This one is used for segmentation and in the stable. You go through the table, let's say you have a model, you go through the table and you check, okay, which one fits best? We have different measures, we have description, we have the limitations. So for example, perplexity is not intuitive and is difficult to interpret absolute values.

Is this gonna be a good metric for our, our use case or not bilingual evaluation understudy does not consider recall and [00:15:00] insensitive to meaning and concept. If meaning and concept are important, then that's not gonna be a good metric. Or, you can combine metrics, right? So these are the things that you can use for generative ai.

And when you. Look at the output. And for the different data categories that we had image, we had text, and we had tabular data, right? So here for generative ai, statistical assessment methods for the outputs, we have image and we have text. I'm gonna decla it a little bit and here. We have a list of what can we use for image, we can use FID, we can use inception.

S-S-I-M-M-O-S and dice. DICE is for comparing masks. This is something you might, may have heard about for classical computer vision stuff, where this is the thing where we compare annotations against the. The masks of [00:16:00] the model. The model against ground truth generated by a pathologist or a subject matter expert.

And thank you so much for joining Scott. 6:00 AM golden star for the early mornings and actually golden star for everybody.
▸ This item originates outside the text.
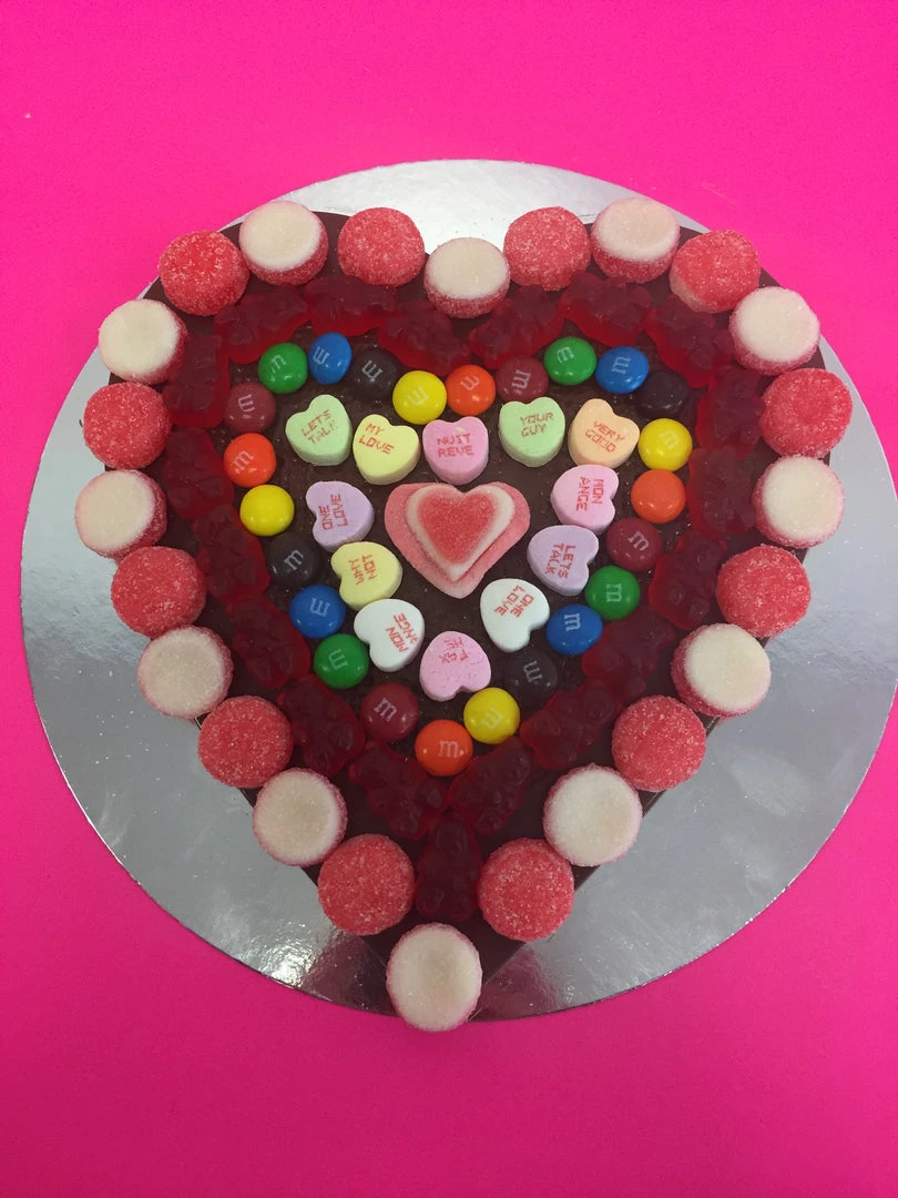 This beautiful single layer chocolate heart takes the boring out of the traditional chocolate gift. Amazing tasting chocolate topped with a variety of candy, chocolate and gummies. Great for gifts or parties or just to snack on all by yourself.

Thank you for joining me. Text. If we are dealing with text we have a different set of metrics. We have the blue, we have the rouge, we have bird score, BART score, Panda, lm, or perplexity, right?

So my message here is even if we didn't dive into the scores there specific metrics for a specific output for type of model, generative versus non generative, and. We need to figure out which metric is good. So accuracy doesn't cut it anymore. And actually this is the example that people always give.
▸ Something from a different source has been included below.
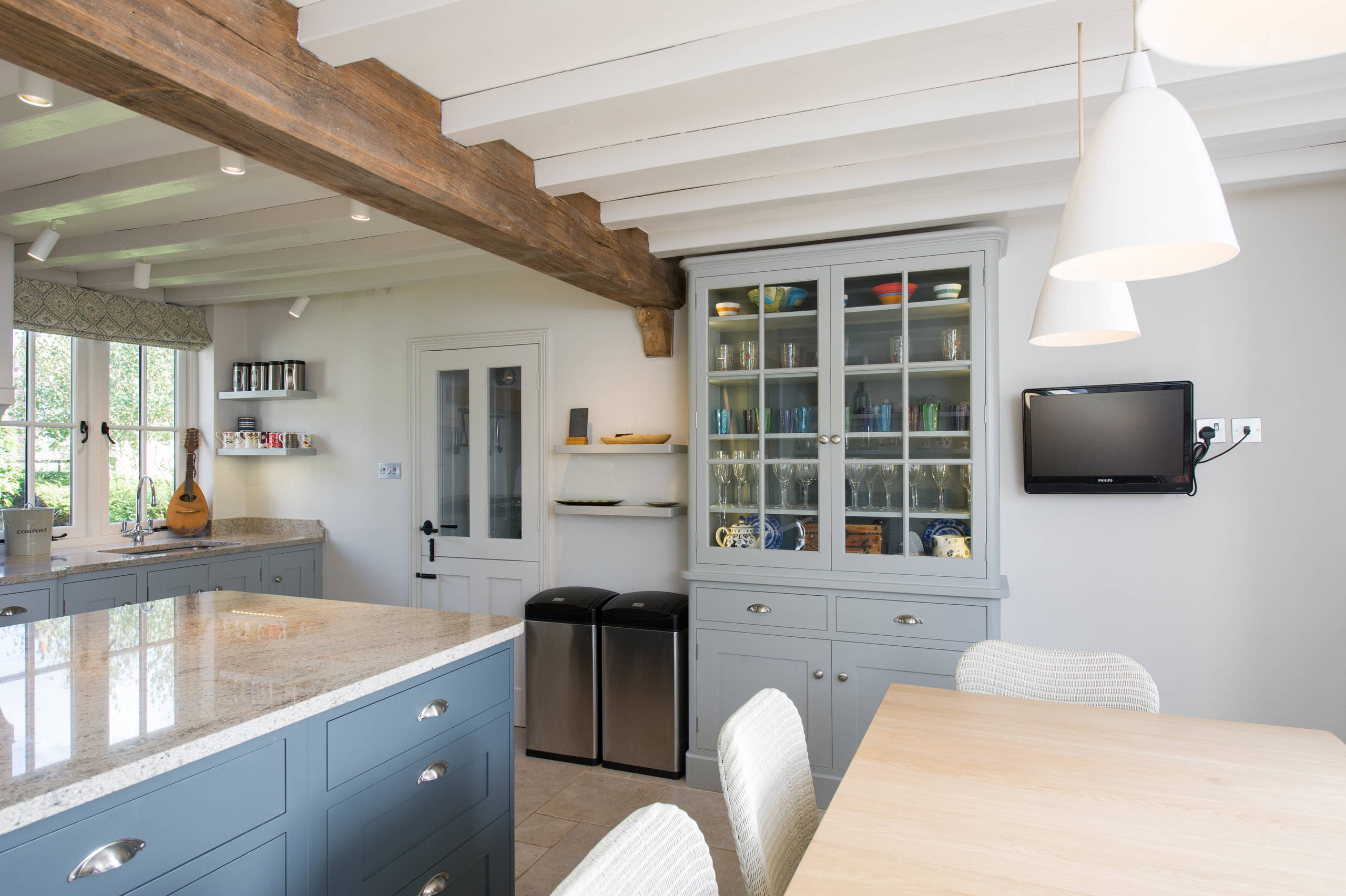 A clever storage unit like this one will hide gadgets away when they’re not in use. Make sure you have enough sockets to charge your gadgets while they’re hidden from view.

Oh, especially if you have like unequal data distribution and for explaining test results like [00:17:00] high accuracy. Okay? If you have, set where there's one disease person and the model in hundred samples, one disease person and the model says everybody is actually healthy, then it's 99% accuracy, but you totally missed the sick person, right?

So each of those metrics has those limitations that, that we have seen in the table. And you need to know what the limitations are and which metric to pick. And for image, we have these green ones for text and generative ai. We have the orange ones that we just mentioned. So let's dive a little bit deeper into some of the generative AI statistical assessment methods.

Let's see if I can make it bigger without compromising. Sorry, the. I wanna just show one at a time. Can I do it? Ah, shoot. I always have trouble showing you [00:18:00] like, I wanna put one fourth of it on the screen. Why cannot I do it? I should be able to. Okay.

Apologies for that. Okay.

Perplexity Score Explained

Aleks: Let's focus on perplexity. Any way of doing it better. That's okay. That's good. As we can get right now. Perplexity, right? Perplexity score is so perplexed is like confused, right? So the. Least confused you are the better the your score, right? So that's why low perplexity score is the good score, whereas high perplexity is the bad one.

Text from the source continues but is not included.